Contrairement à ce qui est pensé par certains occidentaux, une geisha n’est pas une prostituée. Il a fallu plusieurs officialisations des gouvernements nippons, le premier débutant en 1779, pour définitivement clore le débat. Celui-ci indiquait par exemple que seules les prostituées patentées avaient le droit d’avoir des relations sexuelles avec leurs clients, et non les geishas. Dans l’ensemble, le métier est extrêmement codifié, et les services sexuels ne sont pas répandus. D’ailleurs, en 1842, la réforme Tenpo proscrit totalement la prostitution, et de nombreux quartiers ou établissements de plaisir sont priés de fermer. Si certains rouvrent dès 1851, les Japonais ont conscience de la différence entre une prostituée et une geisha.

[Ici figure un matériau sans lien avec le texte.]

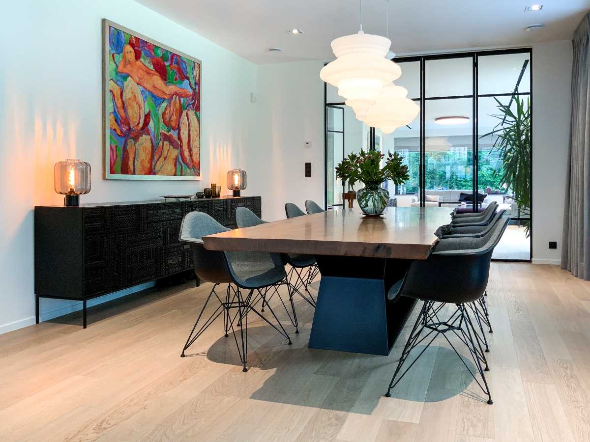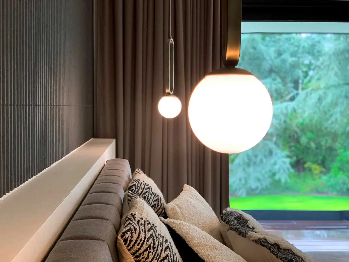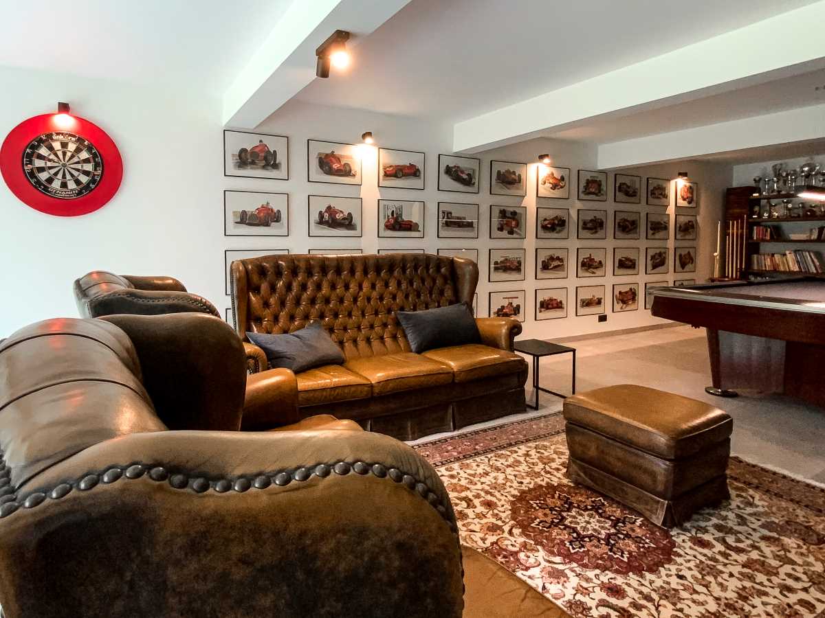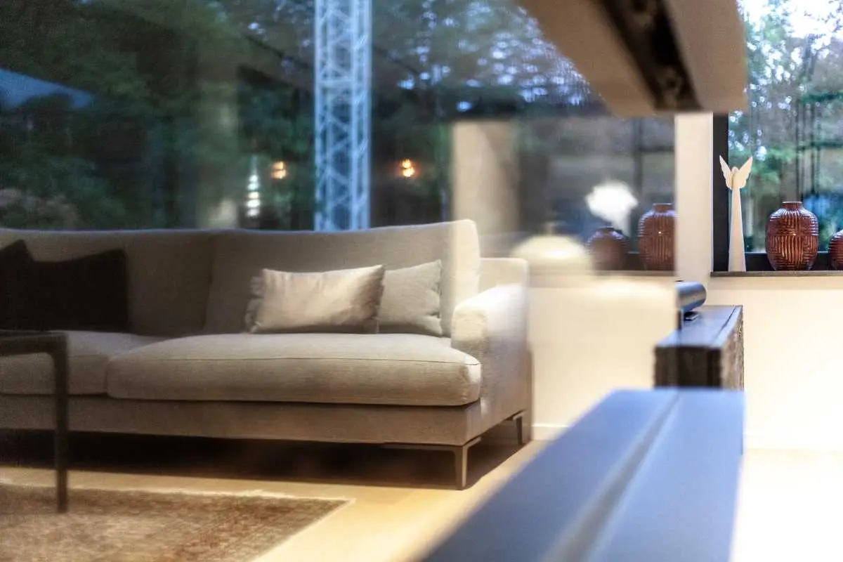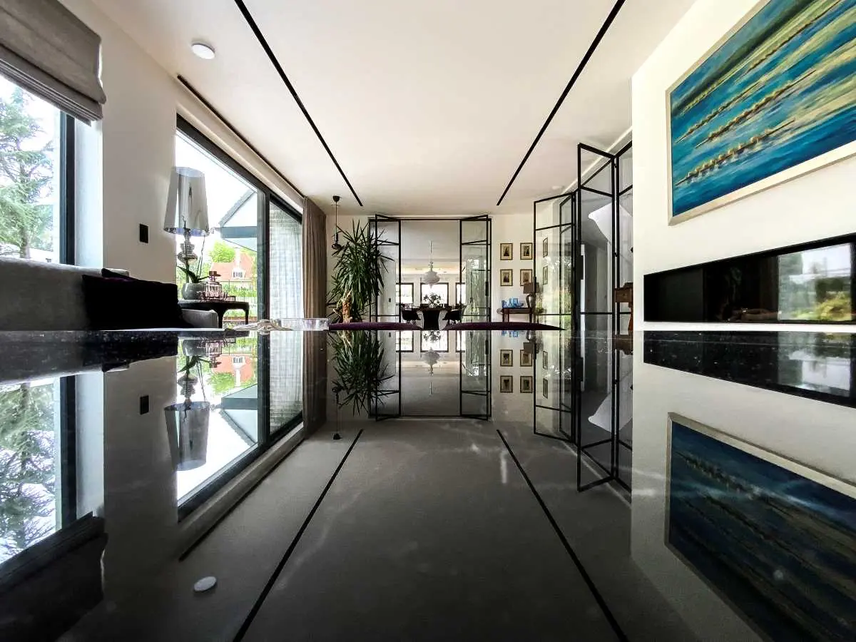 Sercem domu jest salon z dużymi przeszkleniami, przez które natura z zewnątrz została zaproszona do wnętrza. Każdy szczegół aranżacji domu został dokładnie dopracowany a otaczająca cały dom sztuka wprowadza nas w dobry nastrój.
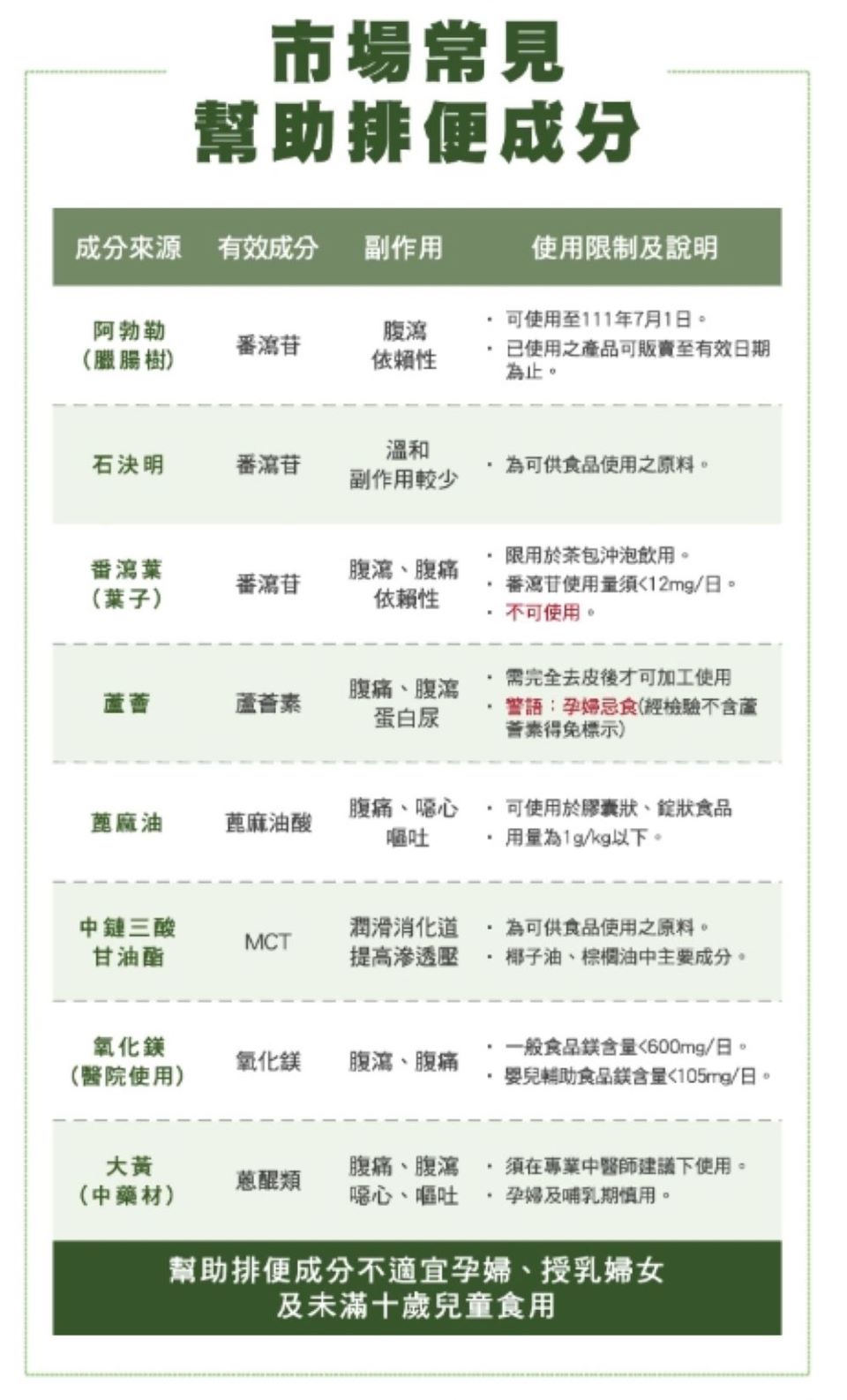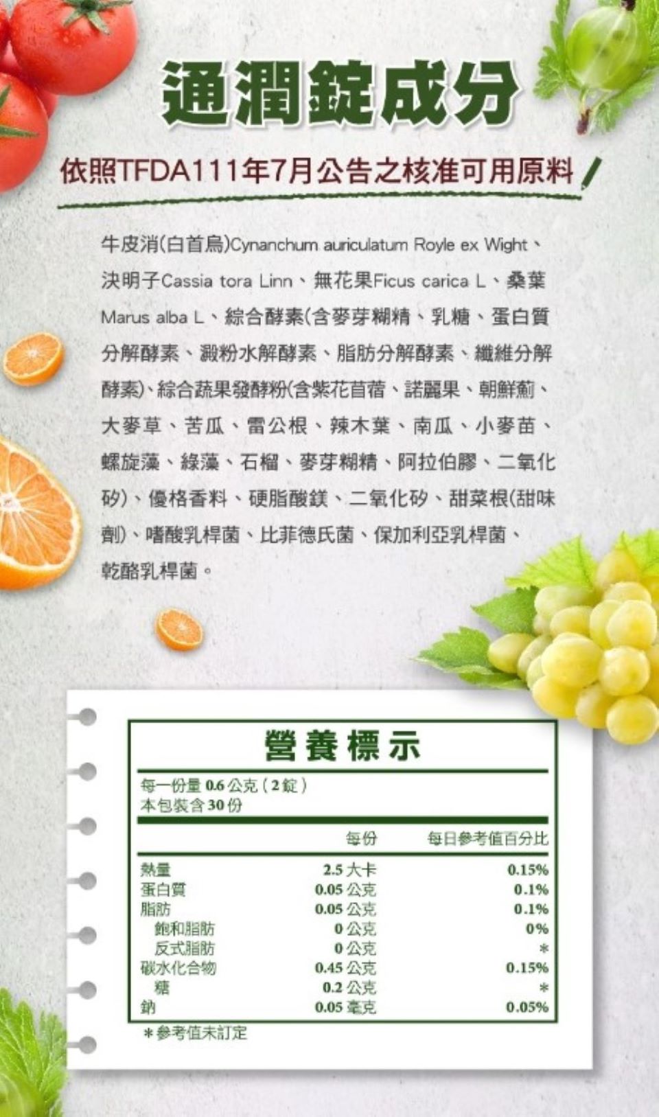 牛皮消(白首烏)、決明子、無花果、桑葉、綜合酵素(含麥芽糊精、乳糖、蛋白質分解酵素、澱粉水解酵素、脂肪分解酵素、纖維分解酵素)、綜合蔬果發酵粉(含紫花苜蓿、諾麗果、朝鮮薊、大麥草、苦瓜、雷公根、辣木葉、南瓜、小麥苗、螺旋藻、綠藻、石榴、麥芽糊精、阿拉伯膠、二氧化矽)、優格香料、硬脂酸鎂、二氧化矽、甜菜根(甜味劑)、嗜酸乳桿菌、比菲德氏菌、保加利亞乳桿菌、乾酪乳桿菌。
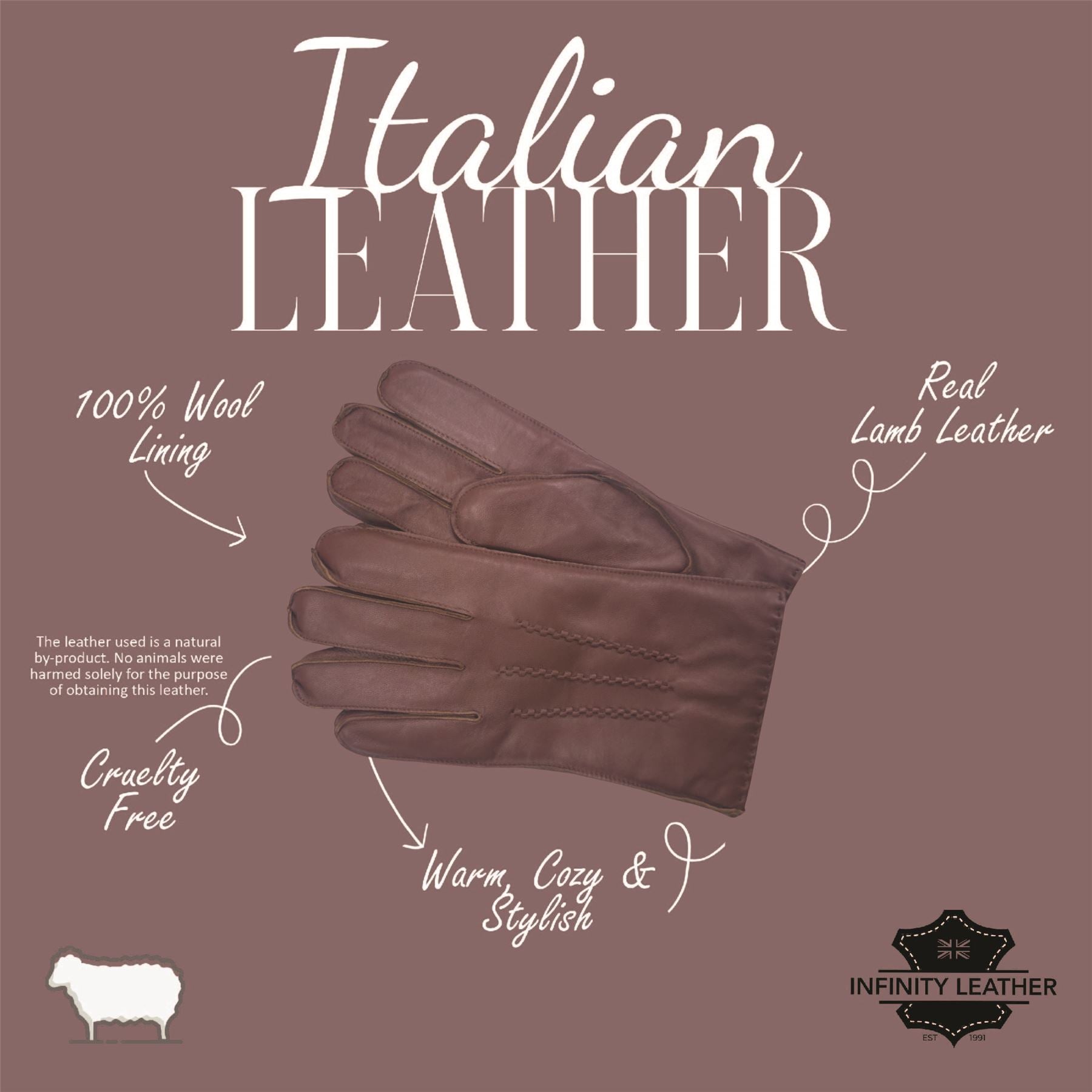 Men’s Chestnut Brown Italian Leather Warm Wool Lining Winter Stich Design Gloves - M-LGV-205

Il faut cependant admettre qu’à une certaine époque, il était possible d’obtenir des faveurs sexuelles de la part d’une geisha. Cela se vérifiait particulièrement dans les établissements de moindre qualité, de moindre réputation. La virginité était même mise aux enchères (mizuage), comme le voulait une certaine tradition. Et à l’instar des prostituées, un rite de passage à l’âge adulte était célébrée.

Quelques anecdotes relatives aux geishas des villes thermales japonaises (onsen) sont notamment relatées : le « jeu de la petite rivière » consistait pour les danseuses à relever progressivement leur kimono, comme si elle traversait une rivière de plus en plus profonde. Cette pratique a aujourd’hui disparu, mais elle est reprise de manière mal intentionnelle par certaines prostituées maquiller en geisha. Les principales cibles sont les touristes étrangers, qui ne font pas systématiquement la différence. C’est pour cela que l’expression « onsen geisha » désigne aujourd’hui ces prostituées se faisant passer pour des geishas.

Pendant la Seconde Guerre mondiale, et plus particulièrement lors des deux dernières années, les geishas sont envoyées dans les usines pour travailler et ainsi soutenir l’effort de guerre.

Geiko en démonstration
Une geisha en démonstration

Le métier de geisha a débuté avec l’ouverture des maisons de thé en 1712. Celles-ci étaient concentrées dans certains quartiers de plaisir, et des professions ont été créées pour l’occasion. À l’époque, il s’agissait de personnes pour distraire les clients, les invités, à la manière des bouffons du Moyen Âge en Europe. Il n’est donc pas surprenant d’apprendre que les premières geishas étaient en réalité des hommes, rodés à l’art du divertissement. Officiellement, le métier de geisha est enregistré depuis 1779 de manière officielle.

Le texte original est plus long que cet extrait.